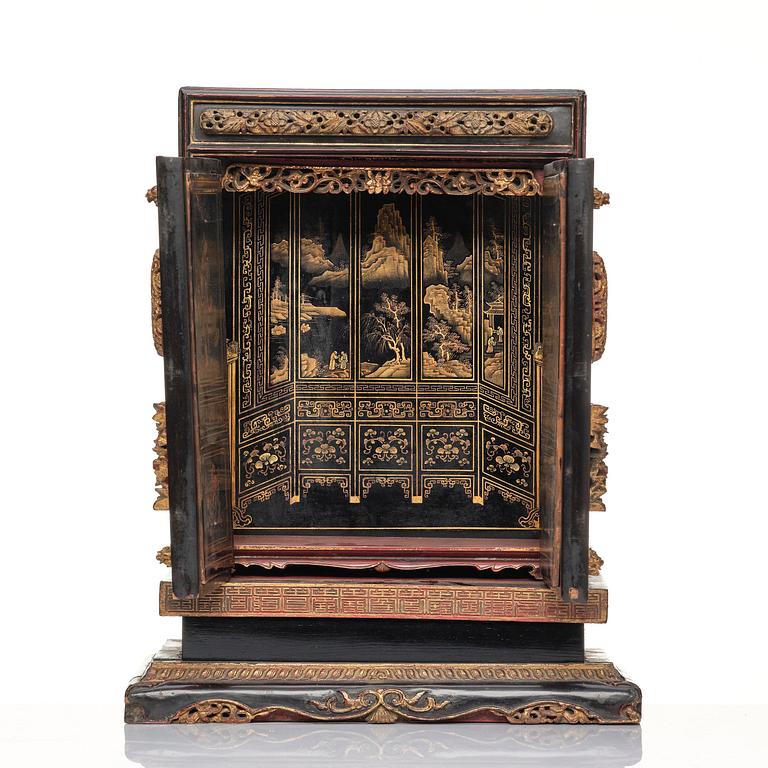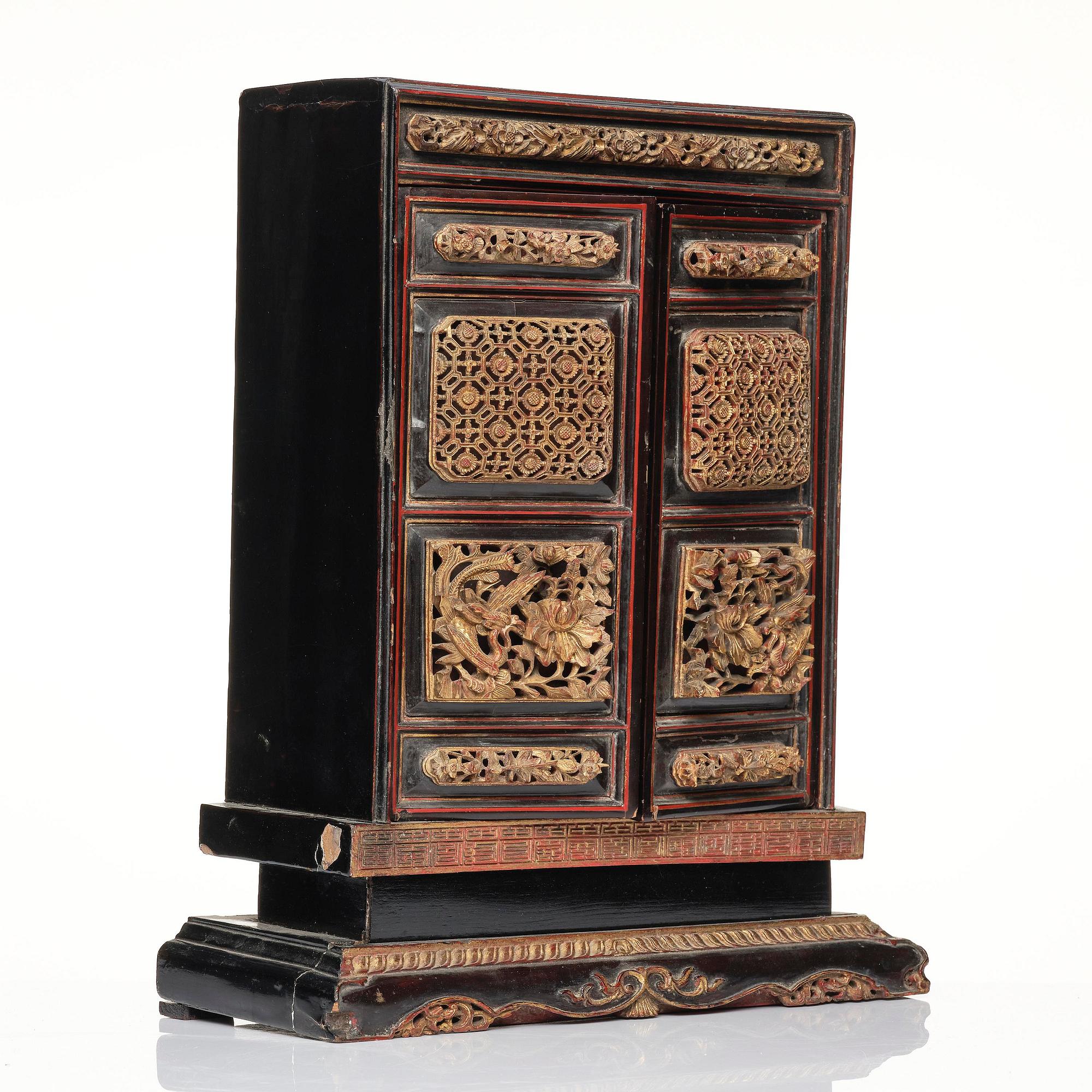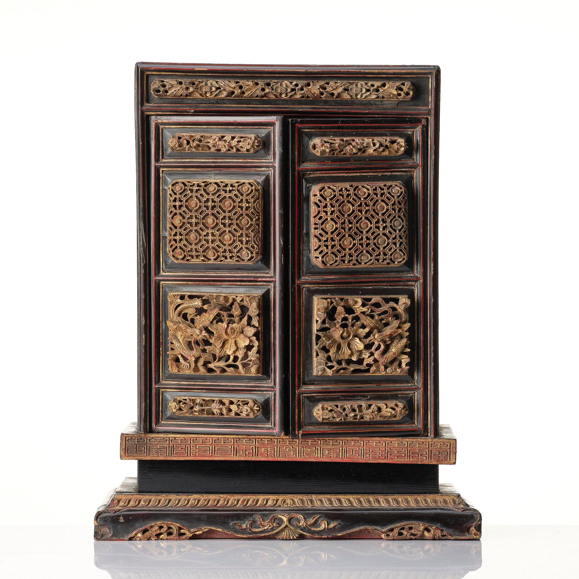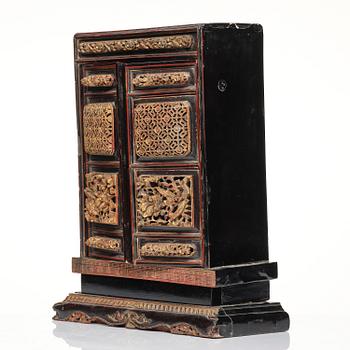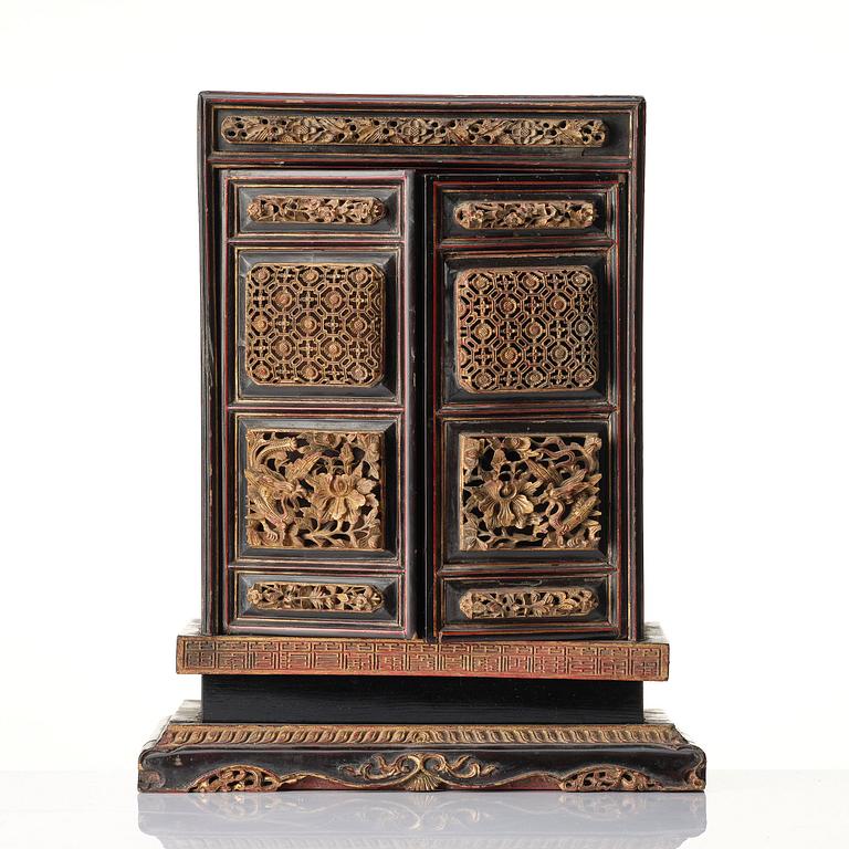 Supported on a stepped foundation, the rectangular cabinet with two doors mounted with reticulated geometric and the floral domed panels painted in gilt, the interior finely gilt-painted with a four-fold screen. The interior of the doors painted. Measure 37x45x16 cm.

○ ○ ○ ○ ○

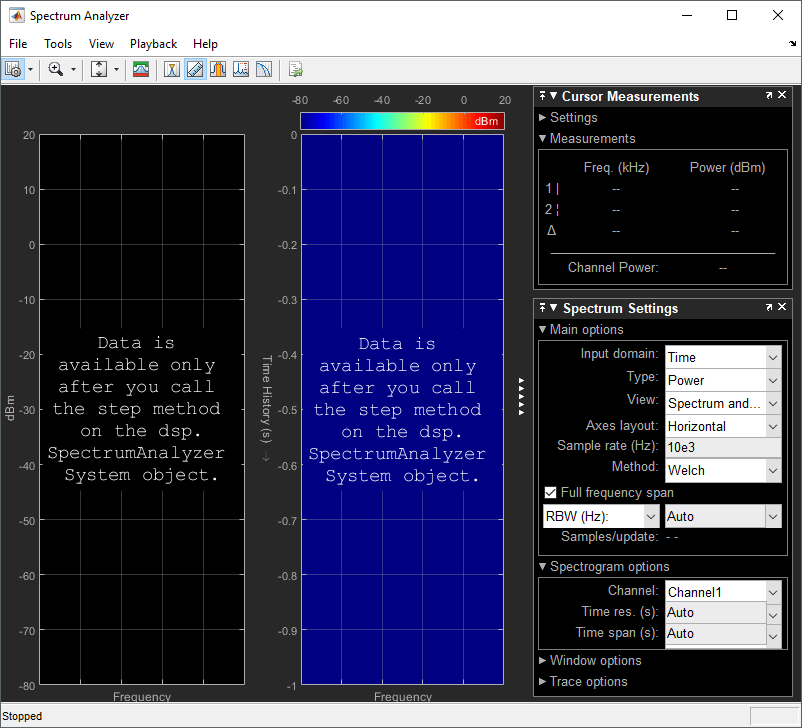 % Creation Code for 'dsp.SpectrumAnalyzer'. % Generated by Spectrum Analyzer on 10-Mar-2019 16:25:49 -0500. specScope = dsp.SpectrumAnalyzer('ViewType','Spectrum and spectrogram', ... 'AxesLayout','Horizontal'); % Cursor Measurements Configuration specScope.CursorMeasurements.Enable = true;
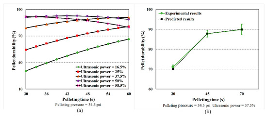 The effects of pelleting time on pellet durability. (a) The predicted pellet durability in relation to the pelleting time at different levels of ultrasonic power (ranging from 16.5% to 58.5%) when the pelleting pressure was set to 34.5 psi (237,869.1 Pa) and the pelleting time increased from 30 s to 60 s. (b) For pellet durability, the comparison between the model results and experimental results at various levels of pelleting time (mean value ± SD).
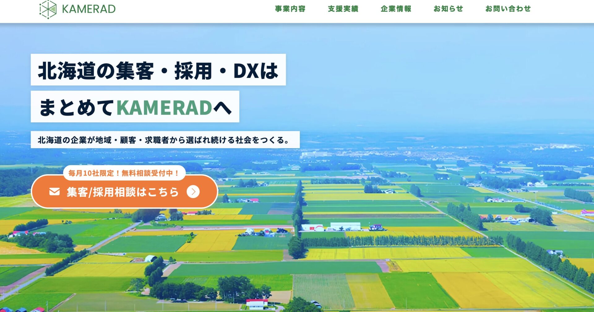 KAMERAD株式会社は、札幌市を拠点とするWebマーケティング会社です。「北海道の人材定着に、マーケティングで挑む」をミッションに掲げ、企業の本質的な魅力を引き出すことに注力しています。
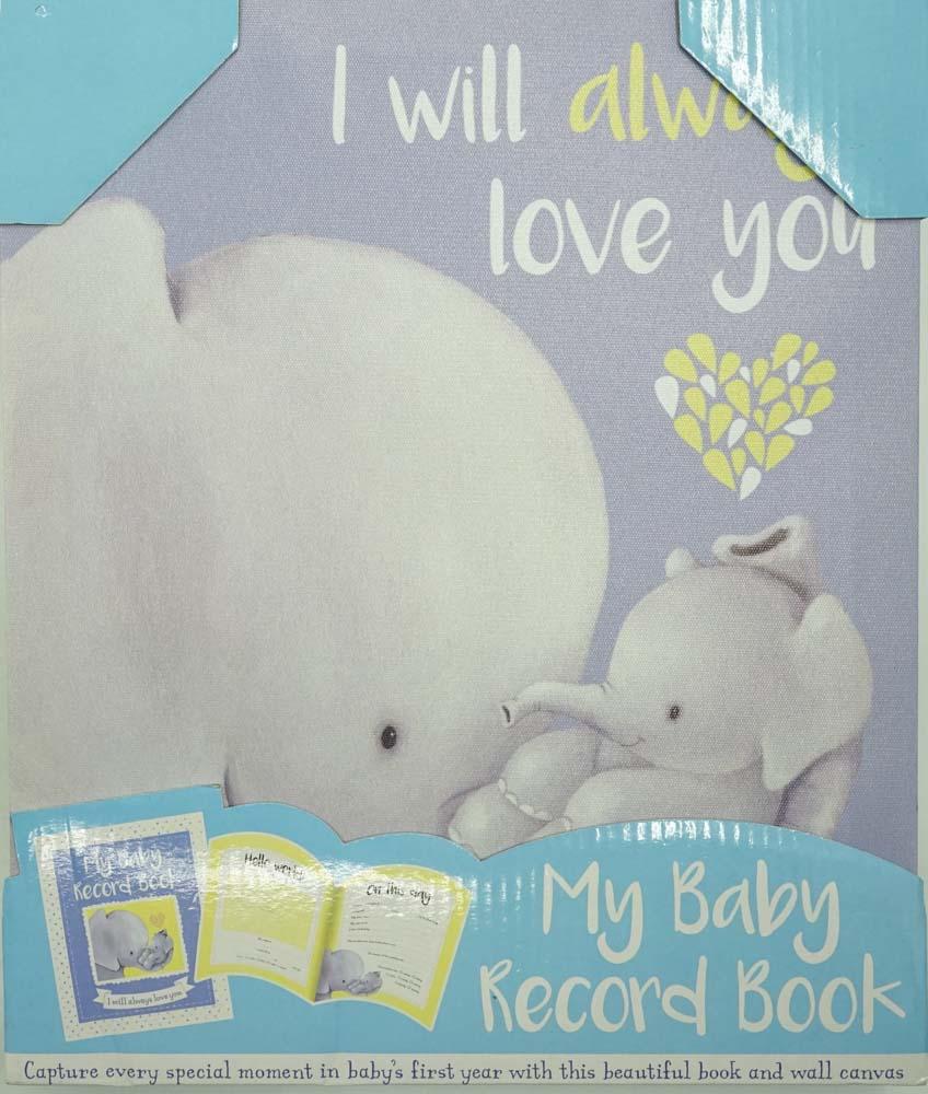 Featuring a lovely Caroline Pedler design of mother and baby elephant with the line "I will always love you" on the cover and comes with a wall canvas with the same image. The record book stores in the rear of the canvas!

○ ○ ○ ○ ○

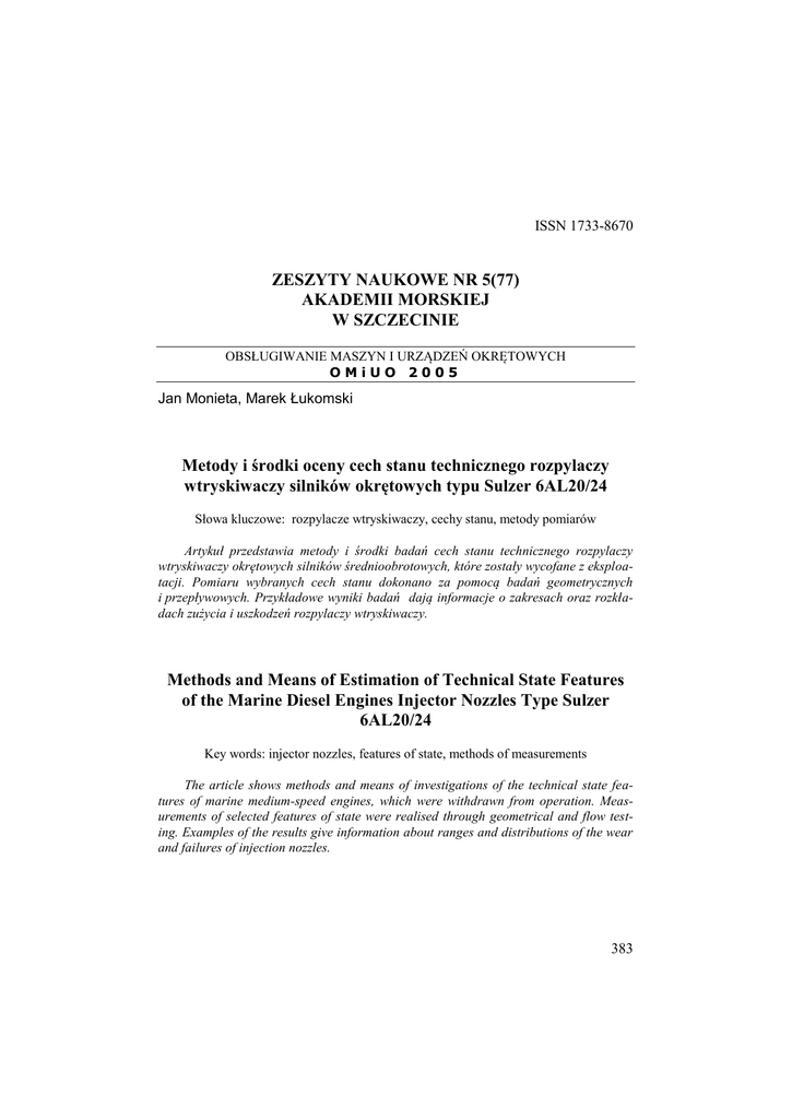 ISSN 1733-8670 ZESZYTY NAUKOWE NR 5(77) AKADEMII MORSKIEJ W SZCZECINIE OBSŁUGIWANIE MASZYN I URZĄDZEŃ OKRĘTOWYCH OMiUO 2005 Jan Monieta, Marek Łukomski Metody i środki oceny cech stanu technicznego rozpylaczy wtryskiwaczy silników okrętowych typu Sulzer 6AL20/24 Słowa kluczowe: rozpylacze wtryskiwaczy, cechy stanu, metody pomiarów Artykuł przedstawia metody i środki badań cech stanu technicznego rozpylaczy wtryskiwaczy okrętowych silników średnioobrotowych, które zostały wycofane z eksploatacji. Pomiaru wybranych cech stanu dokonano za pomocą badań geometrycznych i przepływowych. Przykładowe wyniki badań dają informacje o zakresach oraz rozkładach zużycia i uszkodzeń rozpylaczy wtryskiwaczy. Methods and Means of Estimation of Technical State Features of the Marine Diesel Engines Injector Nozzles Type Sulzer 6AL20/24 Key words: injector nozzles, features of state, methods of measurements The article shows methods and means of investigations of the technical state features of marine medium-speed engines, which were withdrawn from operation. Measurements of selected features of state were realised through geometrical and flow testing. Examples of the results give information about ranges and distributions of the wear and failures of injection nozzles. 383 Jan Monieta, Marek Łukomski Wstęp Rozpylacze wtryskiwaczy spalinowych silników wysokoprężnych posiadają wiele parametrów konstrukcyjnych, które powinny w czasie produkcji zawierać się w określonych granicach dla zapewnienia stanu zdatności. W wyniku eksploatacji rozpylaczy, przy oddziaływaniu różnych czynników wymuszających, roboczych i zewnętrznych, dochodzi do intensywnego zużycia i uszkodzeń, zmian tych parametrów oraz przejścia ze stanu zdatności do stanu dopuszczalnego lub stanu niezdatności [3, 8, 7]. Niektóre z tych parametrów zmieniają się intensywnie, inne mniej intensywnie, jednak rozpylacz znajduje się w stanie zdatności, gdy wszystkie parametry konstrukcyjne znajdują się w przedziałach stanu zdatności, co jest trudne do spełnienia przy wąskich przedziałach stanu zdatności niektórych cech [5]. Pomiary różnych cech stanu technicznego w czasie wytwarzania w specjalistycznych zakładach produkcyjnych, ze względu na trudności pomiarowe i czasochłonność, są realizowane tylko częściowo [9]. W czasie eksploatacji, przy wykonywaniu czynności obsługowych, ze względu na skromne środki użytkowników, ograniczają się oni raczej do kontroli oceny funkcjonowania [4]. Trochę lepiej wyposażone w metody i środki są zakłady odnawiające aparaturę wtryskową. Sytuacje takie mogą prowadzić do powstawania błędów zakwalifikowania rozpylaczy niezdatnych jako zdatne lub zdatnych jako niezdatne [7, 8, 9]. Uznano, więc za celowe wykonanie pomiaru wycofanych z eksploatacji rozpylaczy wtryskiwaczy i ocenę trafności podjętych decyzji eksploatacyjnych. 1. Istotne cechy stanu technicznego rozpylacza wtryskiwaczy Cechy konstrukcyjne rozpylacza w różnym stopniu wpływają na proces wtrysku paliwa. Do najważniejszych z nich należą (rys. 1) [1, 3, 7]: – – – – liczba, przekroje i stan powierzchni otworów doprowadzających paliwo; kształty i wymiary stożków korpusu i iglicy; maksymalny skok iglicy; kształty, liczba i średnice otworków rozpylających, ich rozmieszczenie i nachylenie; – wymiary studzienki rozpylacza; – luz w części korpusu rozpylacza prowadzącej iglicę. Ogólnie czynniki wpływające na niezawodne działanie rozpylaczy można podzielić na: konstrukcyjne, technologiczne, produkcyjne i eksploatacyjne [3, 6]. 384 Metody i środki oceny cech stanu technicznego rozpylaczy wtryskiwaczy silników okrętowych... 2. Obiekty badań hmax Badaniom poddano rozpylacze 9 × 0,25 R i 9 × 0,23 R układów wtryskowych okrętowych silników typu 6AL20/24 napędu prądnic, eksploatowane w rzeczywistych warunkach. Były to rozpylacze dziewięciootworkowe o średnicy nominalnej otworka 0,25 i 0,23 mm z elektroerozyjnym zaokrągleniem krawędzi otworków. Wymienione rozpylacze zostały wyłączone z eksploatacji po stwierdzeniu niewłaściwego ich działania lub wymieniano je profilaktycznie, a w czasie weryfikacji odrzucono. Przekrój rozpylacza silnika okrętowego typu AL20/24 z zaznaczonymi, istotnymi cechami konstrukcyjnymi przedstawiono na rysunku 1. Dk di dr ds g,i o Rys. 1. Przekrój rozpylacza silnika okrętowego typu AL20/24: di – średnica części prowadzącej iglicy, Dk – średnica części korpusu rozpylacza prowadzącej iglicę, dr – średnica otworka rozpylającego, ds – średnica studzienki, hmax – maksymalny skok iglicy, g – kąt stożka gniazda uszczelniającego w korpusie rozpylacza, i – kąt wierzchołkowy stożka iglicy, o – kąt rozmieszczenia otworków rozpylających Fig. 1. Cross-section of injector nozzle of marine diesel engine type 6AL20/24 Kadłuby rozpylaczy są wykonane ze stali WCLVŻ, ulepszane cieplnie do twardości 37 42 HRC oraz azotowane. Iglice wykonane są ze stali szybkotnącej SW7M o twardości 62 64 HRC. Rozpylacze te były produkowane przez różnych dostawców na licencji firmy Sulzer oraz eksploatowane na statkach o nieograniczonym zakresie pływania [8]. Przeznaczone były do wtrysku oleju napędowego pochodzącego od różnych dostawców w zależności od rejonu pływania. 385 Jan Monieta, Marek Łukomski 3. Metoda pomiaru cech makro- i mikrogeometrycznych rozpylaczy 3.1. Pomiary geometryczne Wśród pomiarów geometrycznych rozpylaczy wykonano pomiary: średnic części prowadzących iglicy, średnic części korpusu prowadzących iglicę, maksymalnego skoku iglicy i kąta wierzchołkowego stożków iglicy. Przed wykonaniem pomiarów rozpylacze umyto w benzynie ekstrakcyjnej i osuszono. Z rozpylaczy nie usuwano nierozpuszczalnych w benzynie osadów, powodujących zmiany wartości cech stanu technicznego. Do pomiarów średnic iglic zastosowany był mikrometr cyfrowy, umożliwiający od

○ ○ ○ ○ ○

* _What to do_: What you need to produce is an exact copy of the entries above, limited to the lines from the one with "specScope.CursorMeasurements.Enable = true;" up to and including the one with "KAMERAD株式会社は、札", without pictures.

* _Response to the exercise_:
 % Creation Code for 'dsp.SpectrumAnalyzer'. % Generated by Spectrum Analyzer on 10-Mar-2019 16:25:49 -0500. specScope = dsp.SpectrumAnalyzer('ViewType','Spectrum and spectrogram', ... 'AxesLayout','Horizontal'); % Cursor Measurements Configuration specScope.CursorMeasurements.Enable = true;
 The effects of pelleting time on pellet durability. (a) The predicted pellet durability in relation to the pelleting time at different levels of ultrasonic power (ranging from 16.5% to 58.5%) when the pelleting pressure was set to 34.5 psi (237,869.1 Pa) and the pelleting time increased from 30 s to 60 s. (b) For pellet durability, the comparison between the model results and experimental results at various levels of pelleting time (mean value ± SD).
 KAMERAD株式会社は、札幌市を拠点とするWebマーケティング会社です。「北海道の人材定着に、マーケティングで挑む」をミッションに掲げ、企業の本質的な魅力を引き出すことに注力しています。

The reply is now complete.